Single by BigXthaPlug featuring Ella Langley

from the album I Hope You're Happy
- Released: August 8, 2025
- Genre: Country rap
- Length: 2:59
- Label: UnitedMasters
- Songwriters: Xavier Landum; Ella Langley; Ryan Vojtesak; Yuval Chain; Krishon Gaines; Rocky Block; RoDarrion Harrison; Joybeth Taylor;
- Producers: Charlie Handsome; UV Killin Em; Bandplay;

BigXthaPlug singles chronology
| "Home" (2025) | "Hell at Night" (2025) | "Cold" (2025) |

Ella Langley singles chronology
| "Don't Mind If I Do" (2024) | "Hell at Night" (2025) | "Choosin' Texas" (2025) |

Visualizer
- "Hell at Night" on YouTube

= Hell at Night =

2025 single by BigXthaPlug featuring Ella Langley

"Hell at Night" is a song by American rapper BigXthaPlug featuring American country music singer Ella Langley. It was released on August 8, 2025, as the third single from the former's third studio album I Hope You're Happy (2025). The song was produced by Charlie Handsome, UV Killin Em and Bandplay.

==Background==
BigXthaPlug and Ella Langley both teased the song on the video-sharing app TikTok prior to its release.

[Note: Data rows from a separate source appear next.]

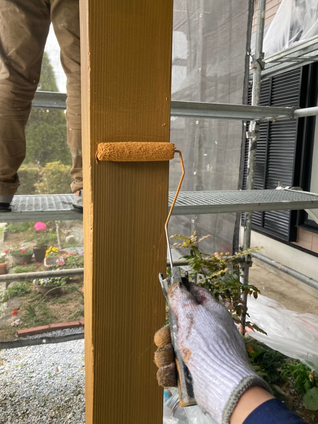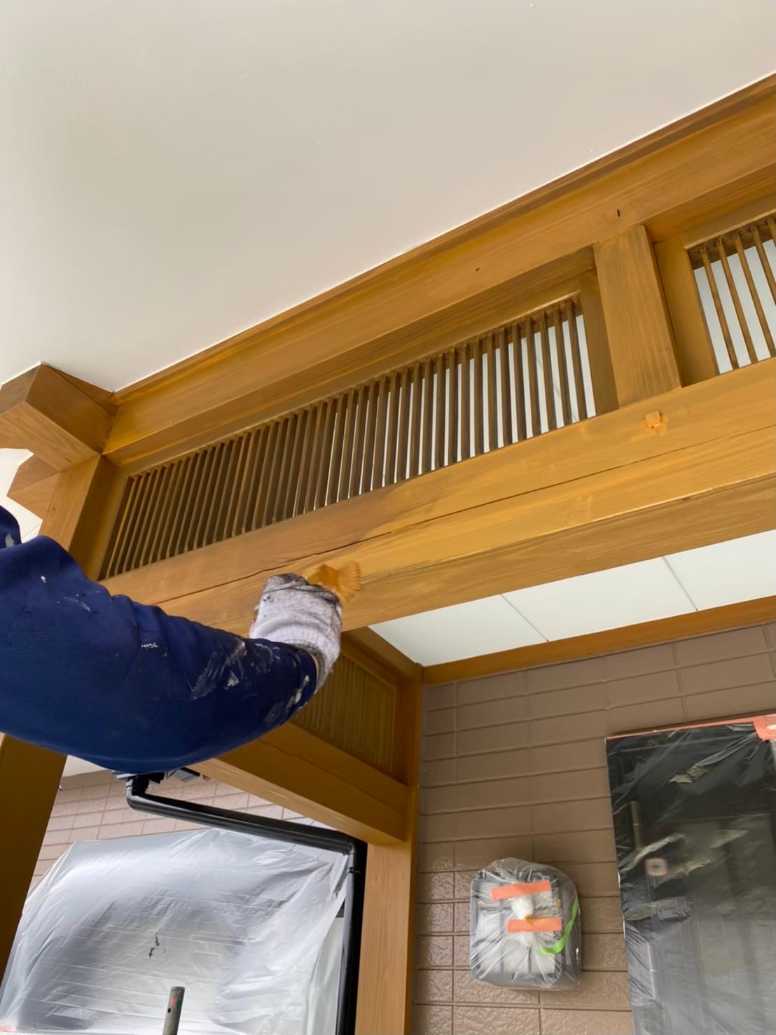 本日は玄関の木部塗装、各所の手直しの様子をお伝えいたします。
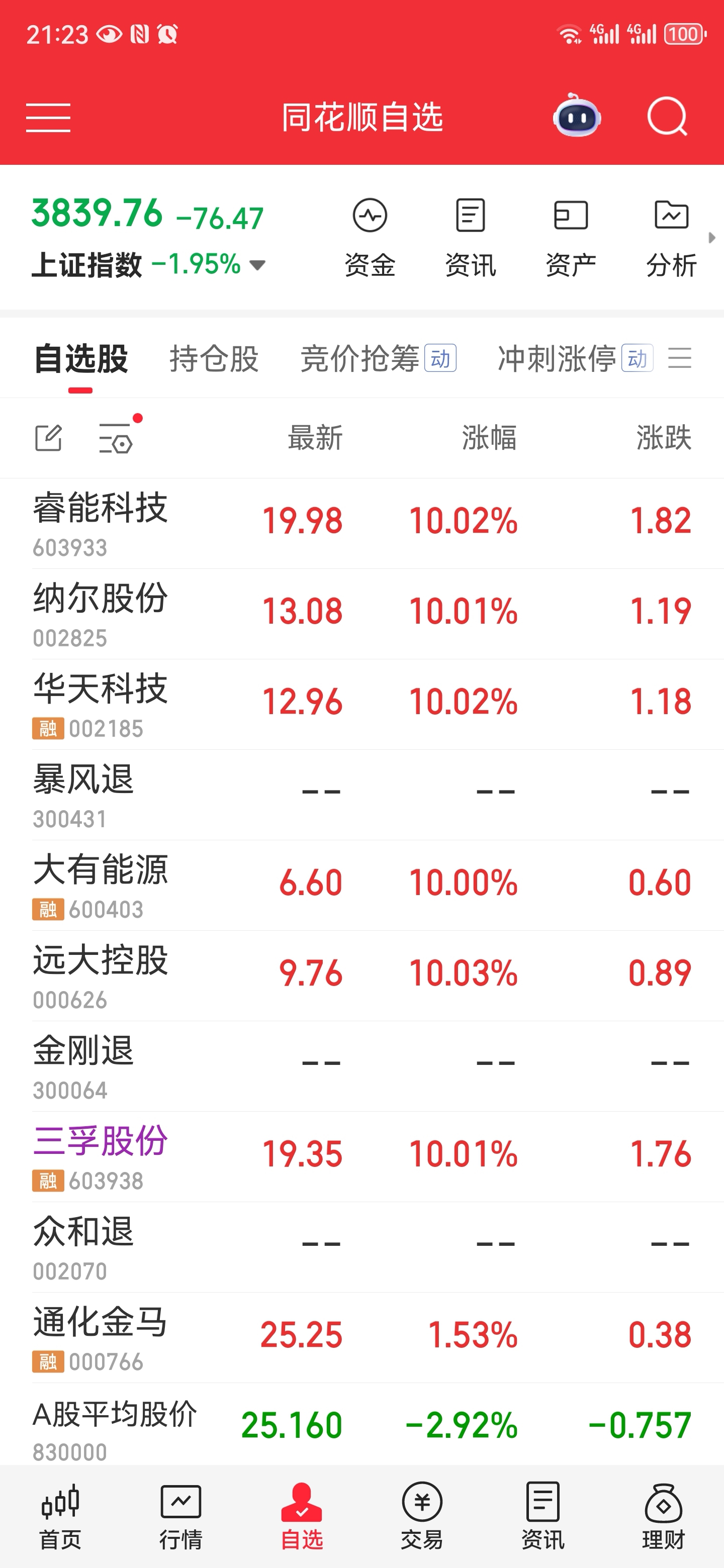 10月17日9点28分;今天避险一下。1.二板睿能科技(pk纳尔股份)盯板止盈。
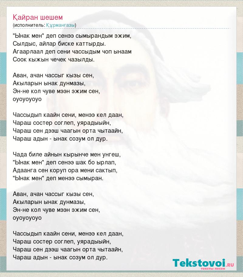 "Ынак мен" деп сенээ сымырандым эжим, Сылдыс, айлар биске каттырды. Агаарлаал деп сени чассыдым чоп ынаам Соок кыжын чечек чазылды. Аван, ачан чассыг кызы сен, Акыларын ынак дунмазы, Эн-не кол чуве мээн эжим сен, оуоуоуоуо Чассыдып каайн сени, менээ кел даан, Чараш состер соглеп, уярадыыйн, Чараш сен дээш чаагын орта чытаайн, Чараш адын - ынак созум ол дур. Чада биле айнын кырынче мен унгеш, "Ынак мен" деп сенээ шак бо ырлап, Адаанга сен коруп ора мени сактып, "Ынак мен" деп менээ сымыран. Аван, ачан чассыг кызы сен, Акыларын ынак дунмазы, Эн-не кол чуве мээн эжим сен, оуоуоуоуо Чассыдып каайн сени, менээ кел даан, Чараш состер соглеп, уярадыыйн, Чараш сен дээш чаагын орта чытаайн, Чараш адын - ынак созум ол дур.
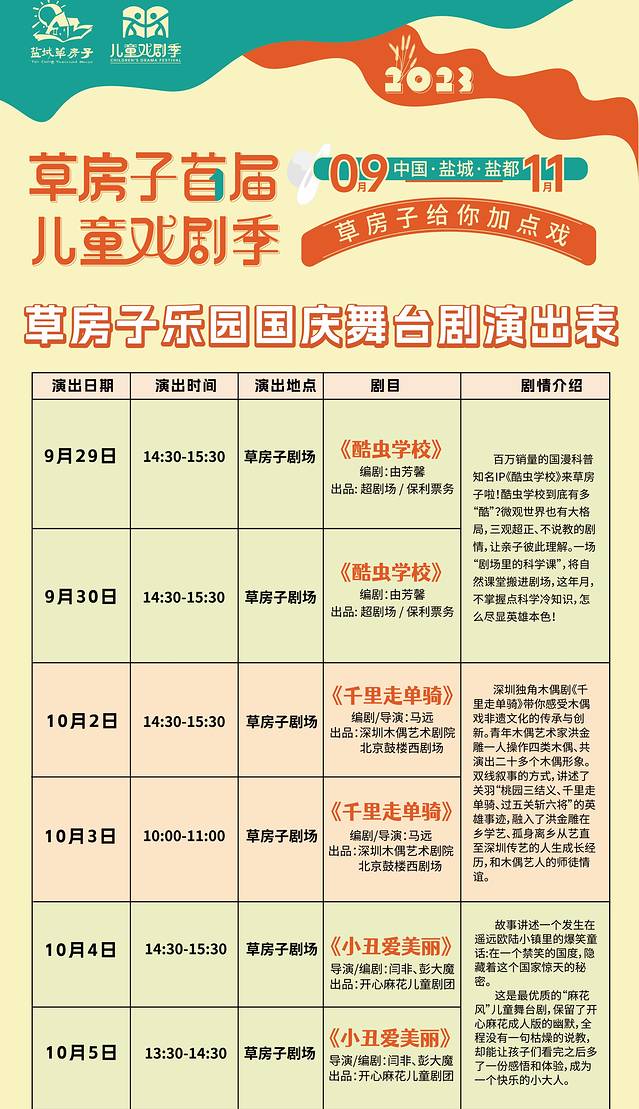 除了《金色的草房子之最英俊的少年》自制剧之外呢,还有三部国家级剧目,超剧场/保利票务出品《酷虫学校》、深圳木偶艺术剧院/北京鼓楼西剧场出品《千里走单骑》、开心麻花儿童剧团出品《小丑爱美丽》等等精彩儿童剧。
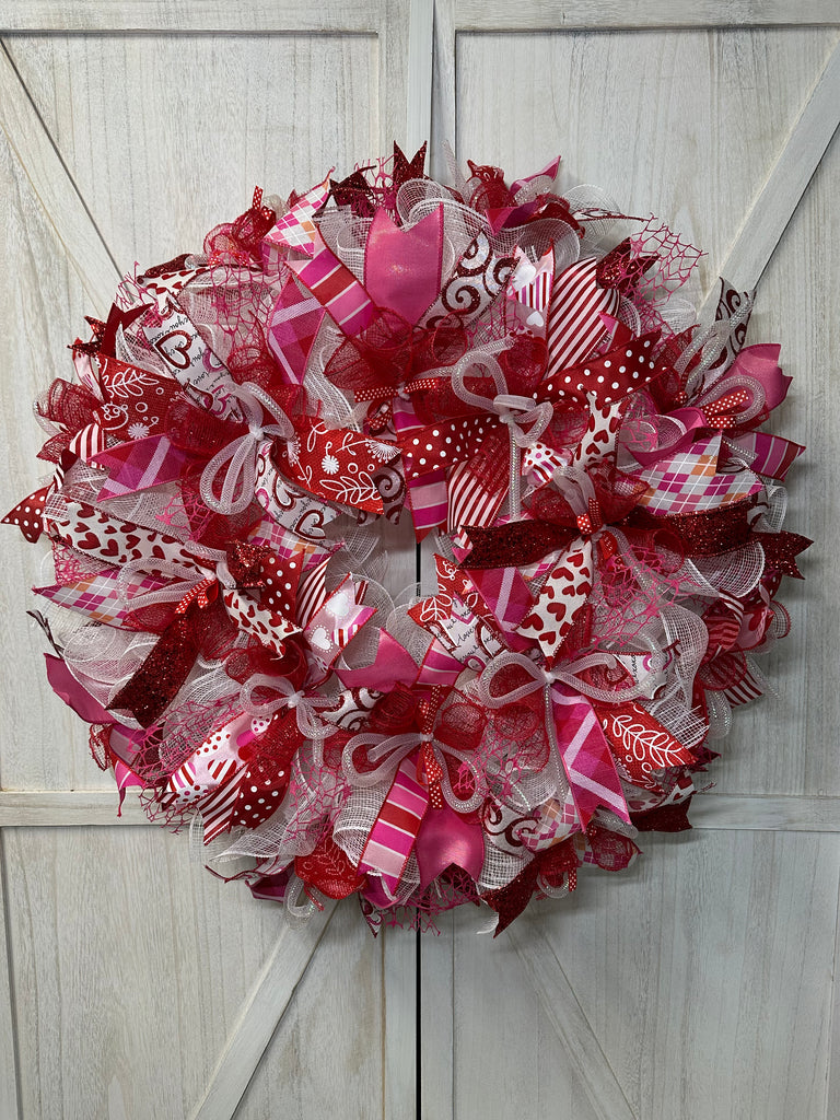 Fluffy festive Valentine's or Mother's Day theme wreath designed on a wire form with mesh, 48 ribbon tails with mixed patterns, pink, red and white iridescent mesh tubing and mini polka dot bows.
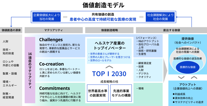 こうした環境展望を踏まえ、中外製薬は、価値創造の源泉である人財、技術・知的財産、ロシュや外部との協働、製薬・設備、環境・エネルギー、財務・経営関連といった経営資源を投下する方向性を定め、「共有価値の創造」に向けたマテリアリティ(重要課題)のもと、中長期視点の価値創造に向けた取り組み(価値創造戦略)を進めます。
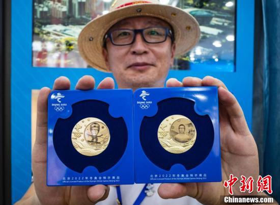 7月17日上午,奥林匹克历史上第一台个性化徽章制作机亮相北京王府井工美大厦,使用者经过简单操作即可将个人形象镭射到北京2022冬奥会主题的徽章上。当天,“北京2022奥林匹克徽章文化周”的活动环节之一的“北京2022徽章交换中心”在此启用,“冰与火的澎湃·奥林匹克徽章展”也同期开幕。图为一名收藏者展示以自己头像定制的北京冬奥会徽章。 中新社记者 侯宇 摄
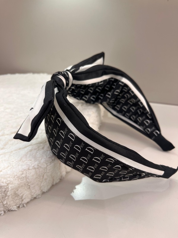 طوق ديور بتصميم فيونكة تتميز هذه بتصميمها العصري والفريد، مع نمطها الأبيض والأسود الجريء،
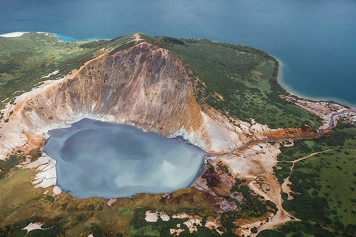 Курильские острова, во-первых, вулканического происхождения, а во-вторых, почти полностью из этих самых вулканов и состоят: только надводных там насчитывается 68, из которых 37 действующие, еще больше 100 вулканов находятся под водой.
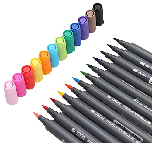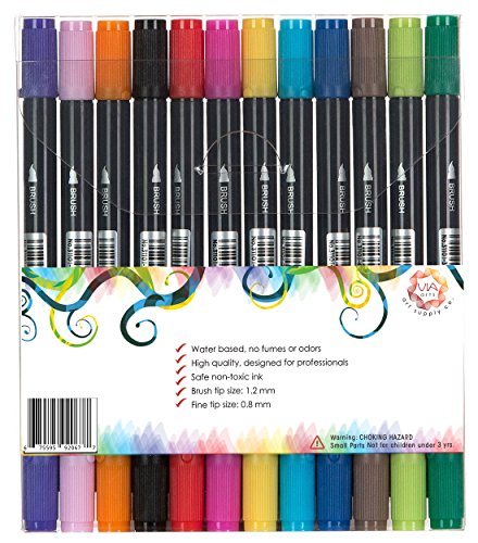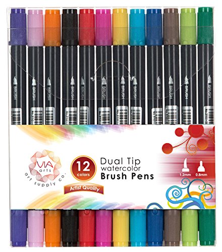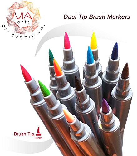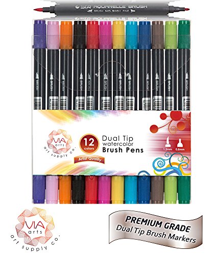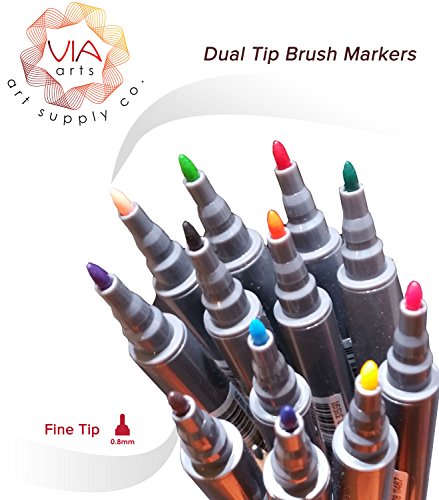 Dual Tip Brush Pens- By Via Art 12 - Brush Tip and Fine Tip Design/Manga Pens
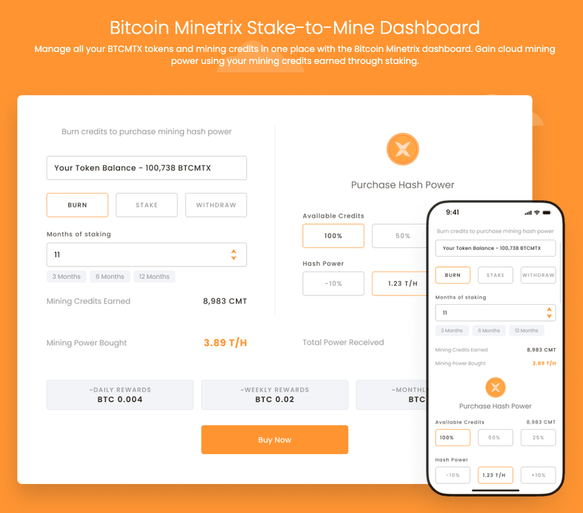This project aims to reshape cloud mining by letting users stake BTCMTX tokens to earn credits that are burned to access BTC mining power.
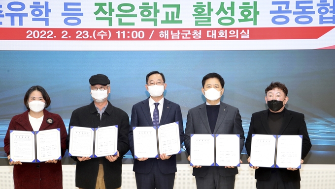 전라남도교육청(교육감 장석웅)과 해남군(군수 명현관), 현산·북일·계곡면 작은학교활성화추진위원회는 2월 23일(수) 해남군청 대회의실에서 농산어촌유학 등 작은학교 활성화 시범사업 추진을 위한 공동협약을 체결했다.
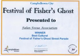 二零零八年十一月八日下午,澳洲悉尼堪普汤市政厅宣布法轮功团体荣获渔人节游行活动最佳文化奖。
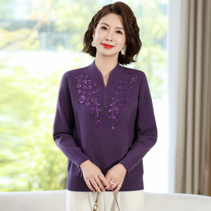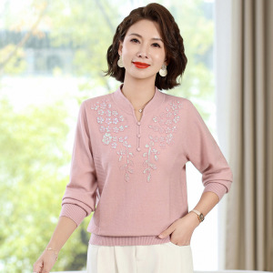 中老年女本命年气质上衣妈妈秋装新款套头红色毛衣洋气打底衫
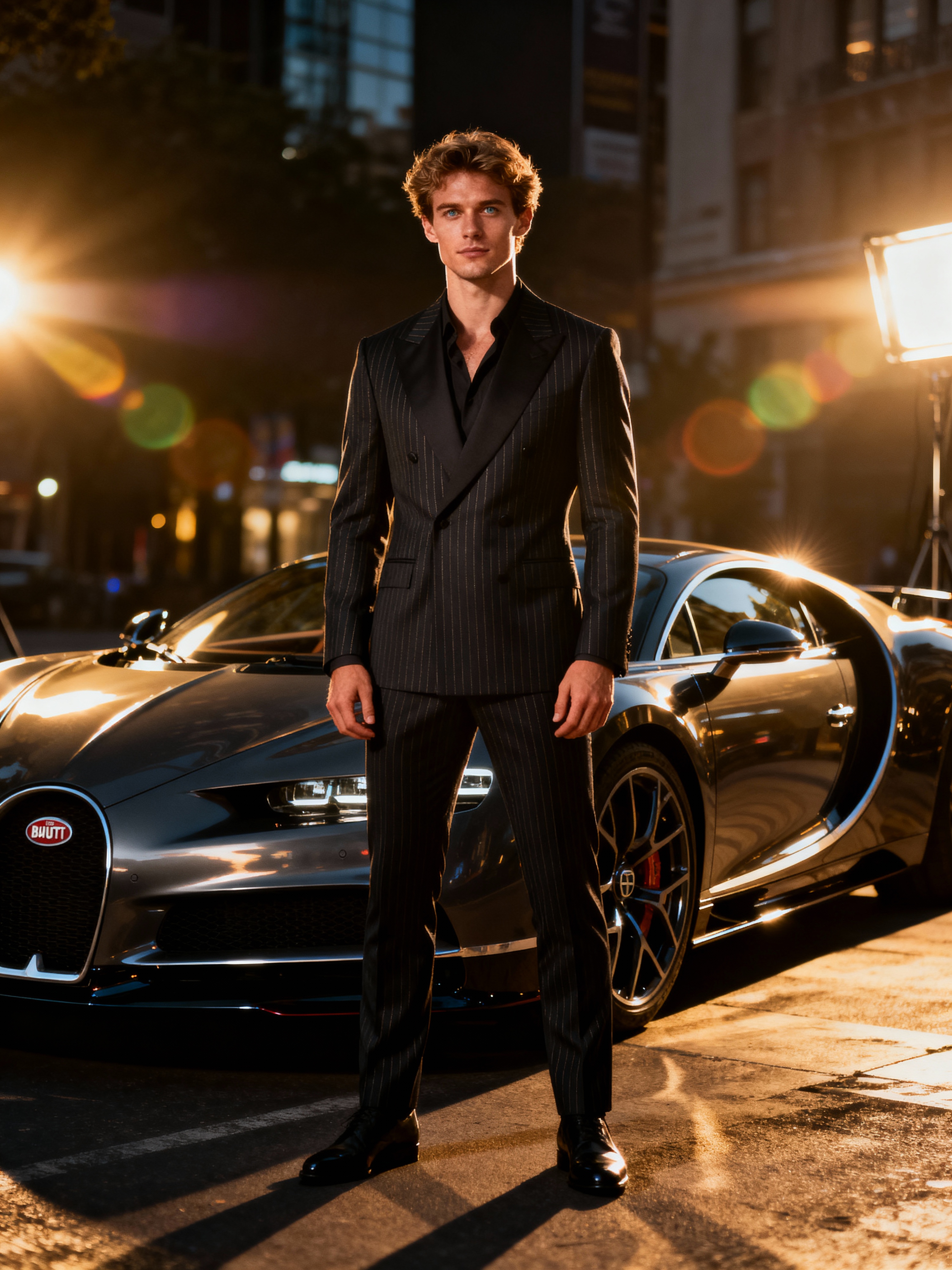 Full-body shot of a confident model standing next to a bugatti sports car. mans wears luxurious clothes
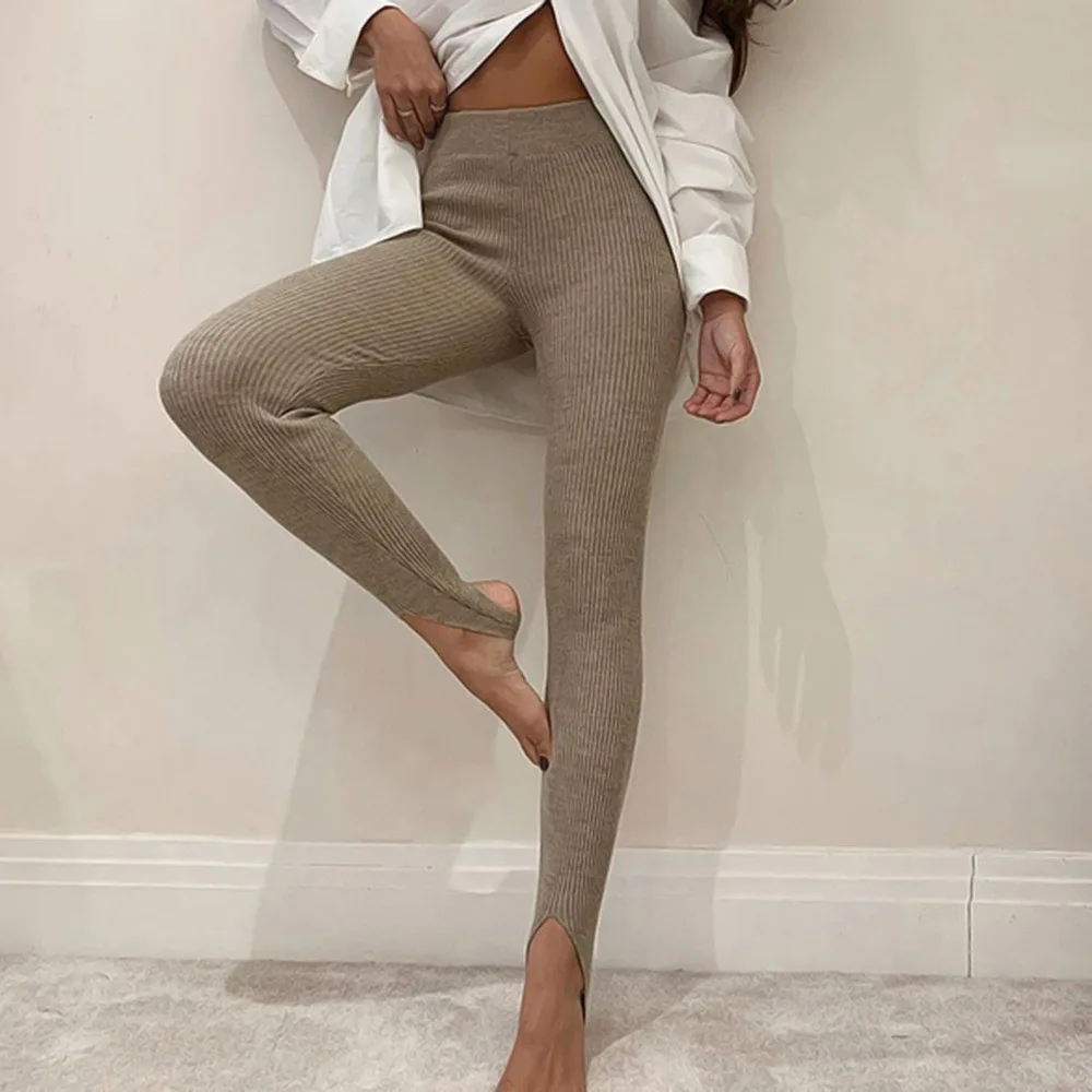 Женские трикотажные леггинсы в рубчик, Модные Бежевые хлопковые базовые брюки с высокой талией для фитнеса, Женские повседневные универсальные эластичные облегающие леггинсы
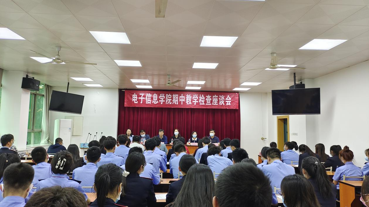 5月12日下午,电子信息学院在教学楼407教室召开2021-2022第二学期期中教学检查座谈会,发展规划处副处长樊润慧、教务处教学科科长贠晓晴,电子信息学院党总支副书记吴西蒙,副院长冯国良出席会议,基础部、马克思主义学院教师代表、各教研室主任和教学督导组成员以及自强校区33个班级66名学生代表参加会议。
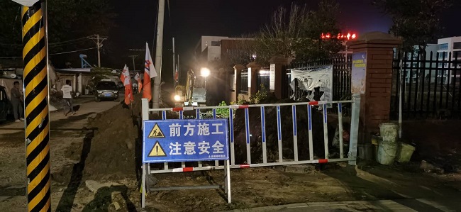 張橋口村落范圍約300米,西接光明路,東至駐馬溝。村內均是自建砂石硬化路,道路狹窄,管線復雜。項目部安排兩臺挖機從西向東,兩條排水管溝同時開挖,經過12小時的努力,7月17日8時,項目完成680m管溝開挖。此后,又耗時4個小時,將村內原有排水溝經光明路人行道外側與新建管溝連通。

==Composition and lyrics==
The song is a hip-hop and country hybrid. It opens with a "twang-infused" guitar instrumental, which is soon accompanied by hi-hats. Lyrically, it finds both artists in the aftermath of a breakup and wishing harm on their respective previous partners for mistreating them. Ella Langley croons about how she should be moving on peacefully, but is prevented by her anger and frustration, while BigXthaPlug lists off particular misfortunes that he hopes would be inflicted upon his past lover, such as having their heater broken down and car stolen while shopping. The protagonists especially want their former partners to be overcome by guilt to the point of being unable to sleep well at night.

==Critical reception==
Maxim Mower of Holler described Ella Langley's vocals as "playful" and commented that her "tongue-in-cheek introduction quickly makes way for the fiery hook, which sees the addition of a thunderous beat and some rattling hi-hats". Mower also praised BigXthaPlug's performance, calling his verses as "ferocious as ever" and describing him as "showcasing the charismatic flow we've come to know and love in recent years".

==Charts==

===Weekly charts===

Weekly chart performance for "Hell at Night"
| Chart (2025–2026) | Peak position |
|---|---|
| Canada Hot 100 (Billboard) | 44 |
| Global 200 (Billboard) | 129 |
| US Billboard Hot 100 | 26 |
| US Hot Country Songs (Billboard) | 8 |
| US Rhythmic Airplay (Billboard) | 11 |

===Year-end charts===

Year-end chart performance for "Hell at Night"
| Chart (2025) | Position |
|---|---|
| US Hot Country Songs (Billboard) | 76 |

==Certifications==

Certifications for "Hell at Night"
| Region | Certification | Certified units/sales |
| New Zealand (RMNZ) | Gold | 15,000^{‡} |
| United States (RIAA) | Platinum | 1,000,000^{‡} |
^{‡} Sales+streaming figures based on certification alone.